I eventually gave up trying to sleep on these difficult nights and spent my time finding creative ways to be self-destructive instead. I discovered alcohol when I was sixteen years old. I discovered it like most teenagers do, with friends, and like most of the lot, we spent an inordinate amount of time chasing its highs. I loved how alcohol made me feel. It was an instant tranquillizer, making me blissfully numb to the flood of bad feelings I was otherwise unable to contain. I soon discovered that if I drank enough, I could impose on myself the lack of consciousness I so desperately craved.
Binge drinking wasn’t a big deal when I was a teenager because everyone else my age was doing it too. We all got carried away with the newfound freedom of college under the illusion of finally being adults. All sleepovers at friends’ homes involved stealing alcohol from the bars of their slumbering, blissfully oblivious parents. All socializing came with the pursuit of alcohol and getting into clubs.
But the numbing effects of alcohol didn’t last long—the more I drank, the less it helped, and ultimately it began to exacerbate my pain instead of dulling it. I have an oddly (odd because of the sheer amount I had had to drink that night) vivid memory from when I was seventeen years old and I got into a rather serious spot of trouble with my mother for coming home drunk one evening. I had stumbled home, quite obviously trashed, way past my ten o’clock curfew after an evening involving one too many beers with my friends. Now, the average Indian mother, as any Indian child knows only too well, possesses the well-honed ability to provoke nightmares with no more than a deliberate narrowing of the eyes.

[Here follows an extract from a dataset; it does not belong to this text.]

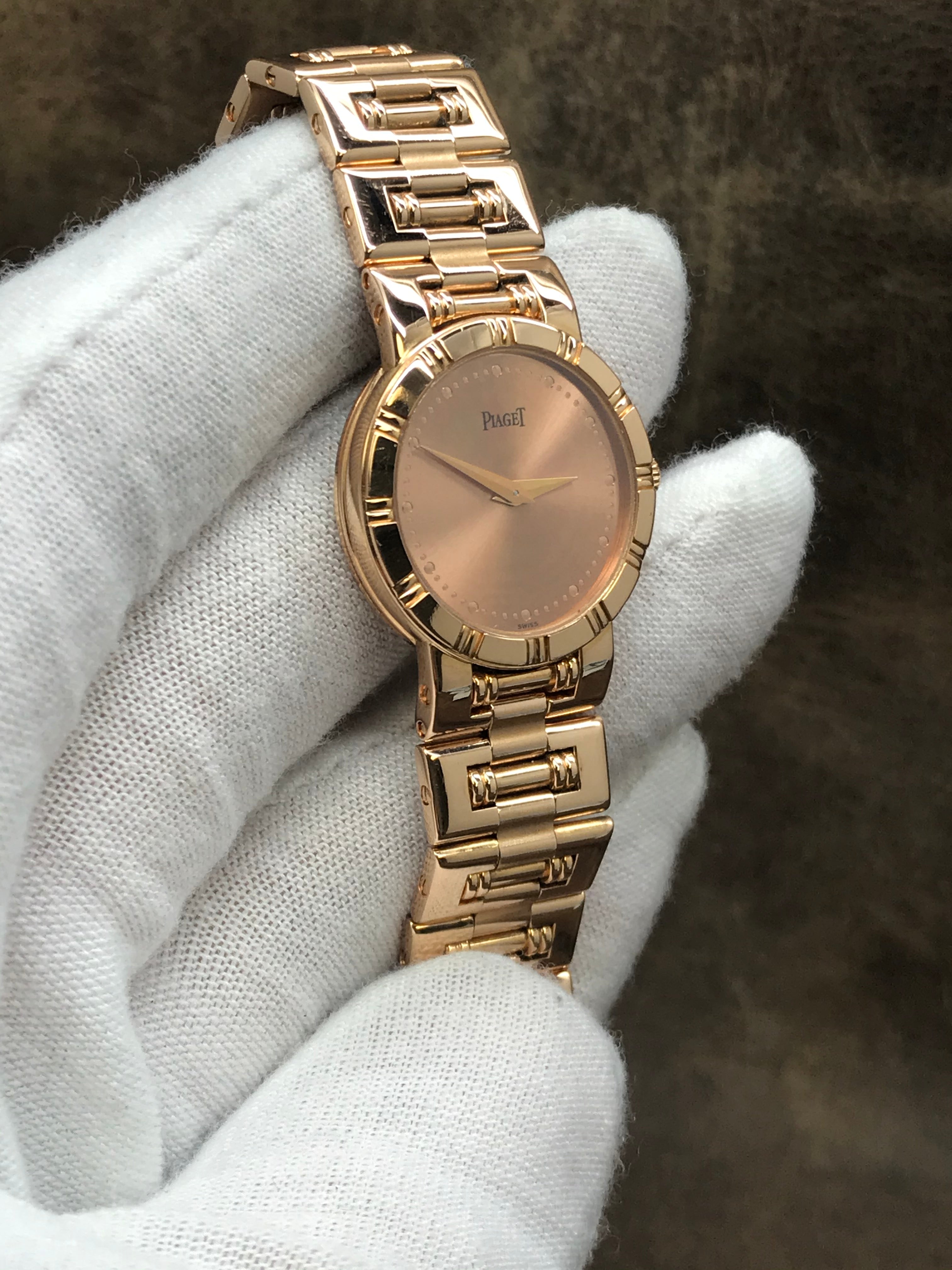 This pre-owned Piaget Dancer 18K Gold 80563/K81 is in excellent condition and comes with: NO box or papers. Max wrist size: 6 in.

They’re terrifying enough on a normal day when the full extent of your wrongdoings are things like talking on the phone three minutes past your bedtime or having to explain why and how you’ve already run out of your weekly allowance on Thursday. So, you can imagine that in the event that you do something that doesn’t just violate totally arbitrary (yeah that’s right, Mom) mom laws but is actually dangerous and bad for you, that ability to induce terror takes on an entirely new dimension. Suffice to say, what was awaiting me when I got home was . . . not pretty.